Input material

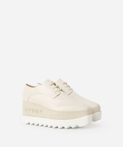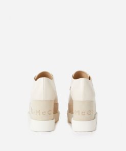 Tone-on-tone appeal reigns supreme with these cream Elyse platform shoes. A studded Stella McCartney logo on the signature wedge heel adds a mischievous wink, ideal for teaming with tailored two-pieces.
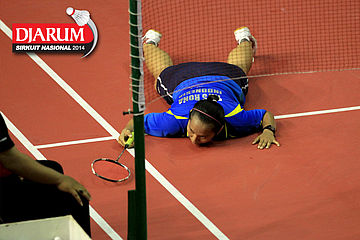 Tays Rona (Citra Raya Unesa) harus terjatuh saat berusaha menghadang serangan yang dilepaskan Fachryza Abimanyu/Syifa Fauziah (Jaya Raya)
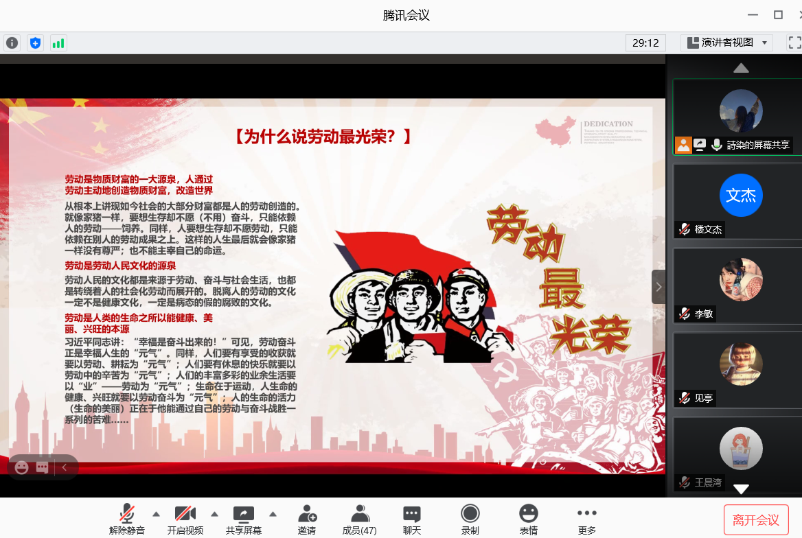 会上,张雅齐首先通过播放有关全国优秀劳动者的视频引入本次主题团日的主题——弘扬新时代劳动精神。本次主题团日活动从三个方面开展:宣传雷锋精神、习近平总书记关于“劳动”的重要论述、分享身边默默付出劳动工作者的感人事迹。会上,张雅齐总结指出,“劳动人是最普通,也是我们最值得尊敬的人”。通过张雅齐的分享,同学们深刻领会新时代的劳动价值,纷纷表示要将劳动者的精神弘扬下去,从身边小事做起,积极贯彻“劳动最光荣”的深刻价值。至此,本次主题团日活动圆满结束。
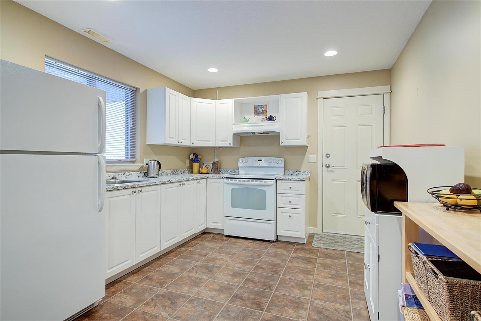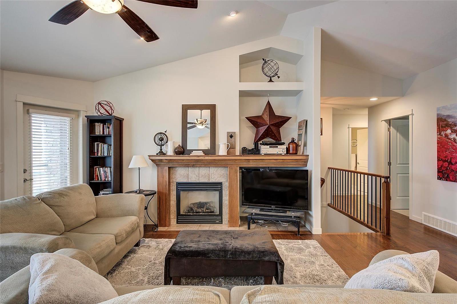 LAKE VIEWS & A LEGAL SUITE! First time on the market! This freshly painted, well-appointed home has a fantastic layout with three bedrooms up, and a great view of the lake from the primary bedroom, living area and kitchen. There is an office just off the entrance (could be a bedroom) and a legal one bedroom suite at ground level. The suite entry is on the ground floor - with no stairs - making it ideal for ageing parents, tenants or students alike! Enjoy the large private backyard, complete with a (negotiable) luxury swim spa, and a separate covered outdoor patio area for your tenant. Upstairs, you'll enjoy a beautiful lake view from your living room, which has a cosy gas fireplace and large east-facing patio to enjoy all summer long. The open plan kitchen has stainless steel appliances, a brand new dishwasher, new carpet on the stairs, and a lovely bright dining area! The back door opens out to a barbeque area and back patio, which leads you down into the yard. Ask about the potential for adding onto the driveway to park your boat or RV. Quiet no-through wide road with plenty of street parking. This is a GREAT DEAL with a mortgage helper, in a fantastic neighbourhood! Virtual tour & floor plans are available. Book your showing today! (id:22211)
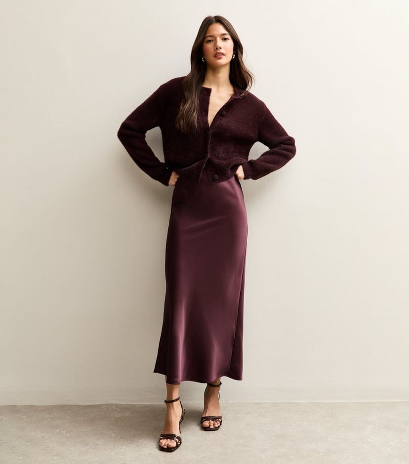 The New Look Dark Burgundy Satin Midi Skirt is made from satin.
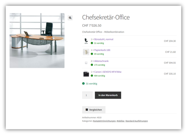 Kunden können aus einer Vielzahl von Produktvarianten wählen, die in Abacus als Attribute definiert und in WooCommerce umgesetzt werden. Dies ermöglicht eine nahtlose Produktanpassung direkt im Online-Shop:
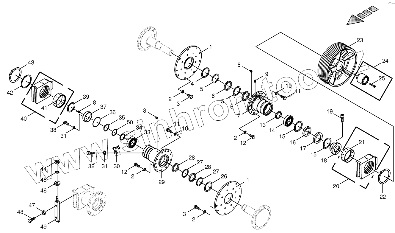 Каталог запасных частей к технике: KRONE BIG-X-700. Chopping drum bearing/counter bearing

Work instruction
Pictures in the records above are not copied; print everything else exactly.

Response box
 Tone-on-tone appeal reigns supreme with these cream Elyse platform shoes. A studded Stella McCartney logo on the signature wedge heel adds a mischievous wink, ideal for teaming with tailored two-pieces.
 Tays Rona (Citra Raya Unesa) harus terjatuh saat berusaha menghadang serangan yang dilepaskan Fachryza Abimanyu/Syifa Fauziah (Jaya Raya)
 会上,张雅齐首先通过播放有关全国优秀劳动者的视频引入本次主题团日的主题——弘扬新时代劳动精神。本次主题团日活动从三个方面开展:宣传雷锋精神、习近平总书记关于“劳动”的重要论述、分享身边默默付出劳动工作者的感人事迹。会上,张雅齐总结指出,“劳动人是最普通,也是我们最值得尊敬的人”。通过张雅齐的分享,同学们深刻领会新时代的劳动价值,纷纷表示要将劳动者的精神弘扬下去,从身边小事做起,积极贯彻“劳动最光荣”的深刻价值。至此,本次主题团日活动圆满结束。
 LAKE VIEWS & A LEGAL SUITE! First time on the market! This freshly painted, well-appointed home has a fantastic layout with three bedrooms up, and a great view of the lake from the primary bedroom, living area and kitchen. There is an office just off the entrance (could be a bedroom) and a legal one bedroom suite at ground level. The suite entry is on the ground floor - with no stairs - making it ideal for ageing parents, tenants or students alike! Enjoy the large private backyard, complete with a (negotiable) luxury swim spa, and a separate covered outdoor patio area for your tenant. Upstairs, you'll enjoy a beautiful lake view from your living room, which has a cosy gas fireplace and large east-facing patio to enjoy all summer long. The open plan kitchen has stainless steel appliances, a brand new dishwasher, new carpet on the stairs, and a lovely bright dining area! The back door opens out to a barbeque area and back patio, which leads you down into the yard. Ask about the potential for adding onto the driveway to park your boat or RV. Quiet no-through wide road with plenty of street parking. This is a GREAT DEAL with a mortgage helper, in a fantastic neighbourhood! Virtual tour & floor plans are available. Book your showing today! (id:22211)
 The New Look Dark Burgundy Satin Midi Skirt is made from satin.
 Kunden können aus einer Vielzahl von Produktvarianten wählen, die in Abacus als Attribute definiert und in WooCommerce umgesetzt werden. Dies ermöglicht eine nahtlose Produktanpassung direkt im Online-Shop:
 Каталог запасных частей к технике: KRONE BIG-X-700. Chopping drum bearing/counter bearing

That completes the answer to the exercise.